Salvini identifies international trade as one of the key factors that has contributed to this trend. He is aware that progress has been uneven and that improvements in Asia have been far more marked than in Africa. This highlights that “the greatest success stories are due to the formula industrialize for exports”.

His most striking example to illustrate this point is that of South Korea. The fact that the country’s economic indicators were similar to those of Zaire (today the Democratic Republic of Congo) in the 1960s reflects the central importance of engaging with international trade: Korea’s achievement is largely due to its ability to export its manufacturing products to North America and Europe.
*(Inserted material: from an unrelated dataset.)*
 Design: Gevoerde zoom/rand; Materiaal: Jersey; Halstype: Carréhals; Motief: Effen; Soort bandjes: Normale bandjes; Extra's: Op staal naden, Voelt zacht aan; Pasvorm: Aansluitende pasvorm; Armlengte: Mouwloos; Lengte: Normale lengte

This also explains why Dependency Theory, which was fashionable in the sixties and which advised developing countries to disengage with global trade, “is not taught anymore”.

The power of trade to transform poor countries is nowadays beyond doubt and Salvini notes that today it is often “the developing world which is asking for more free trade”, whereas Europe and the United States are obstructing the free flow of goods in agriculture.
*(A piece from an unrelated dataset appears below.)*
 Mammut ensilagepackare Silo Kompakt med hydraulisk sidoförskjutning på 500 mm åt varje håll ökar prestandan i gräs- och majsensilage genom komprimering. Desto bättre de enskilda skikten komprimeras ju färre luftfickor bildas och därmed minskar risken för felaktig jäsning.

But towards the end of the article, Salvini raises a more critical point regarding achievements in international development. He says that in contrast to absolute poverty, relative poverty is increasing: “The distance between those who are doing well and those doing badly, or to put it better, those who are doing well and those who are doing less well is growing.”

Salvini does not provide any data to illustrate this point and his assertion is, in fact, questionable. At the Populorum Progressio conference organized by Istituto Acton in Rome in February, Prof. Philip Booth from the Institute of Economic Affairs in London, specifically addressed the issue of relative poverty:

We should recognise that relative poverty has decreased during the process of globalisation .… Most dramatically, the gap between countries that have recently seen rapid growth and those countries that have been relatively well off for many decades has narrowed significantly … Whilst European Union countries, the US, the UK and Japan grow well below the world average (indeed disposable incomes are broadly stagnant across much of the developed world), over half the world’s population now lives in 40 countries that are growing at more than 7% per year. Development is happening and is benefiting huge numbers of previously-poor people.

Salvini may be referring to an increase in income inequality within countries but in that case he is not looking at poverty in terms of human needs and real deprivations, but as compared to an abstract “ideal”.

Reducing income inequality may seem like a noble aspiration, but it is of minor importance. Prioritizing the alleviation of relative poverty would yield the absurd situation where society as a whole is made poorer only to make it more equal. A desire for greater equality should not justify giving up the real and tangible benefits globalization has brought the poor over the last couple of decades.

Hostility towards globalization is not the exclusive territory of the left in Italy. Giulio Tremonti, a former minister of the economy in Silvio Berlusconi’s centre-right government, has written a book called Fear and Hope (La Paura e la Speranza), largely arguing against free trade and the opening of international markets.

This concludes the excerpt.